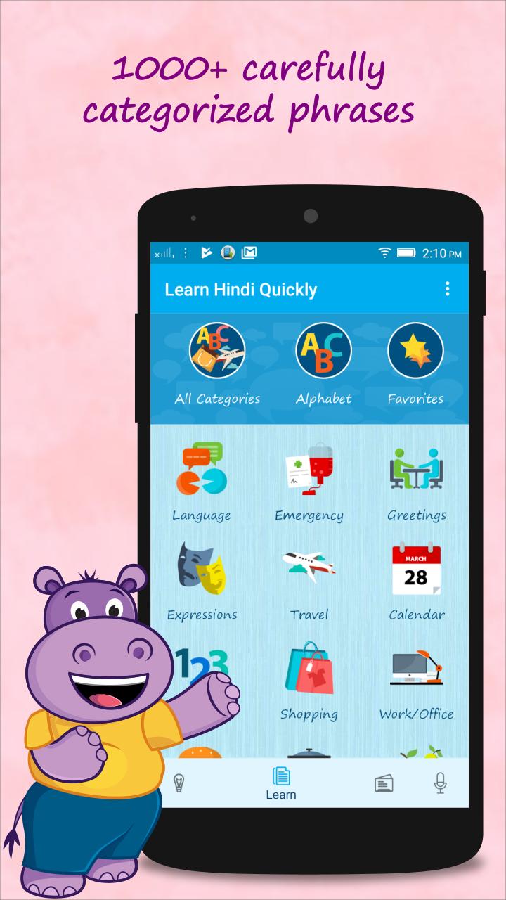 Se você estiver determinado a aprender em hindi uma categoria específica de palavras, Learn Hindi Quickly . Ele fornece tradução para hindi para palavras e frases mais frequentemente usadas em 33 categorias. Você pode usá -lo como um dicionário de inglês para hindi para mais de 1100 palavras e frases de vocabulário mais comumente usadas. É realmente uma ótima ferramenta útil que permitirá que você tenha uma conversa em hindi facilmente.
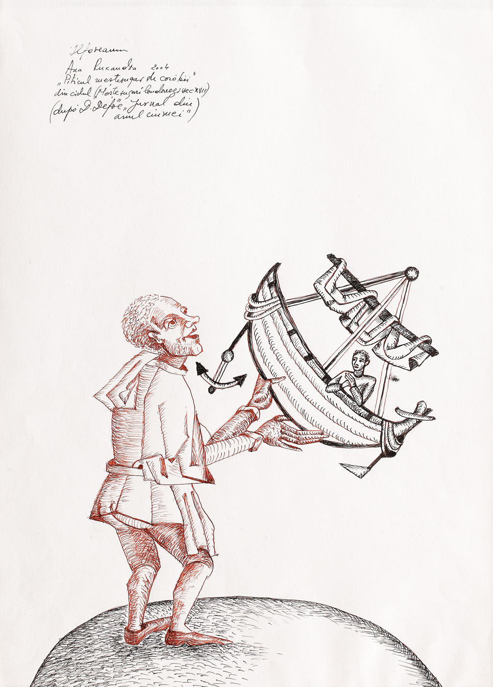 semnat, datat şi intitulat stânga sus, în peniţă, "Ilfoveanu Ana Ruxandra, 2004, Piticul meşteşugar de corăbii, din ciclul Meşteşugari londonezi, sec XVII"
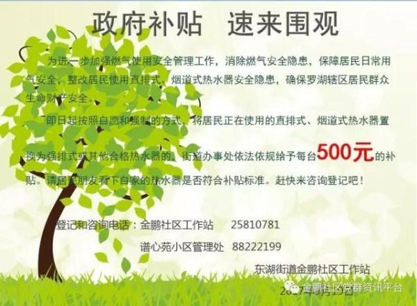 即日起置换直排式、烟道式热水器有500元的政府补贴。
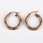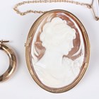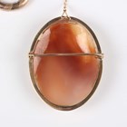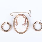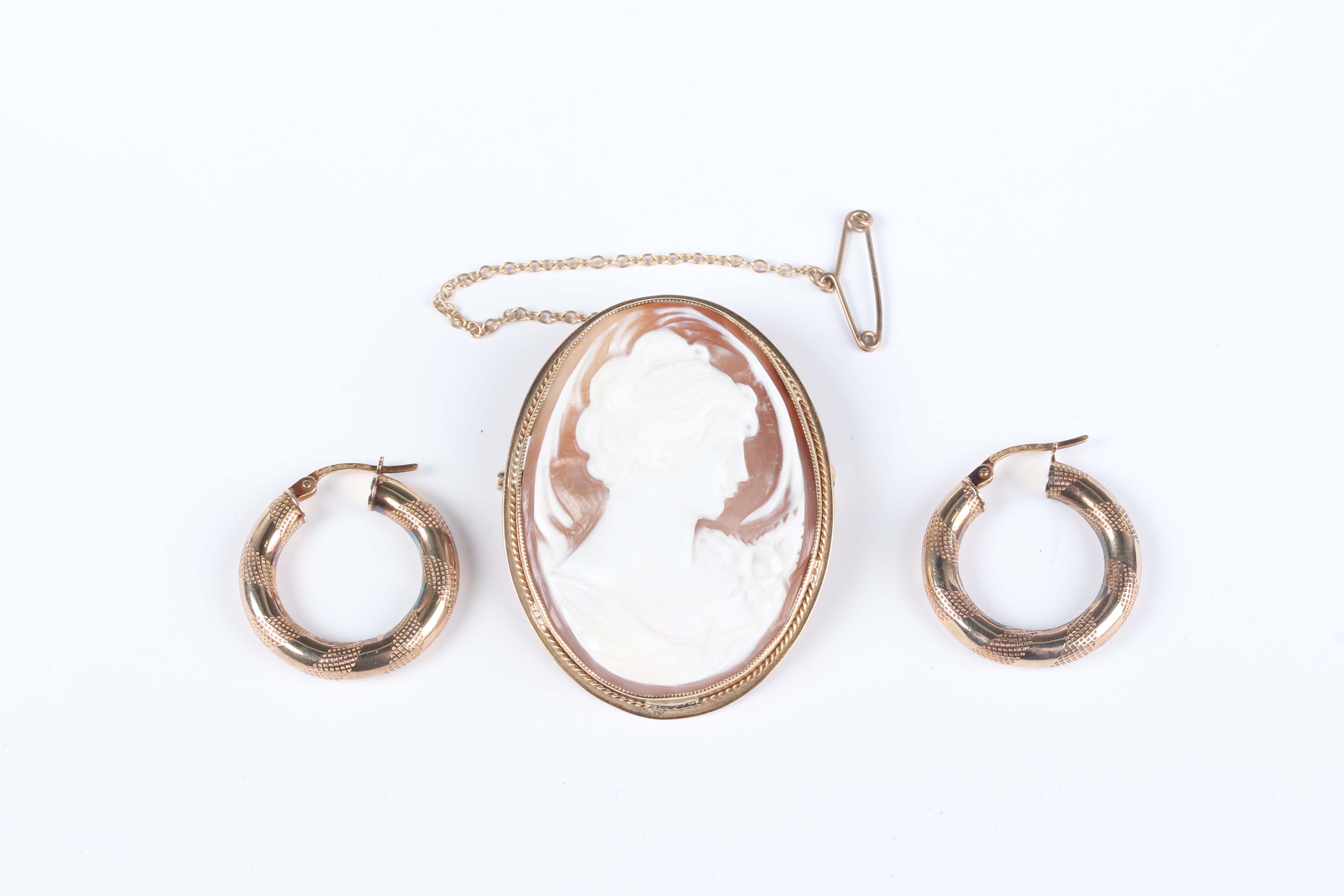 A 9ct gold mounted oval shell cameo brooch, carved as a portrait of a lady, Birmingham 1979, width 3.4cm, and a pair of gold hoop shaped earrings, detailed ‘375’, length 2.3cm, total weight 12.5g.

——

◆ Exercise brief
The lines to write out are those from the first line of the listing above through the line bearing "即日起置换直排式、烟道式热水器有500元的政府补贴。", both included, copied exactly with pictures dropped.

◆ Solved problem
 Se você estiver determinado a aprender em hindi uma categoria específica de palavras, Learn Hindi Quickly . Ele fornece tradução para hindi para palavras e frases mais frequentemente usadas em 33 categorias. Você pode usá -lo como um dicionário de inglês para hindi para mais de 1100 palavras e frases de vocabulário mais comumente usadas. É realmente uma ótima ferramenta útil que permitirá que você tenha uma conversa em hindi facilmente.
 semnat, datat şi intitulat stânga sus, în peniţă, "Ilfoveanu Ana Ruxandra, 2004, Piticul meşteşugar de corăbii, din ciclul Meşteşugari londonezi, sec XVII"
 即日起置换直排式、烟道式热水器有500元的政府补贴。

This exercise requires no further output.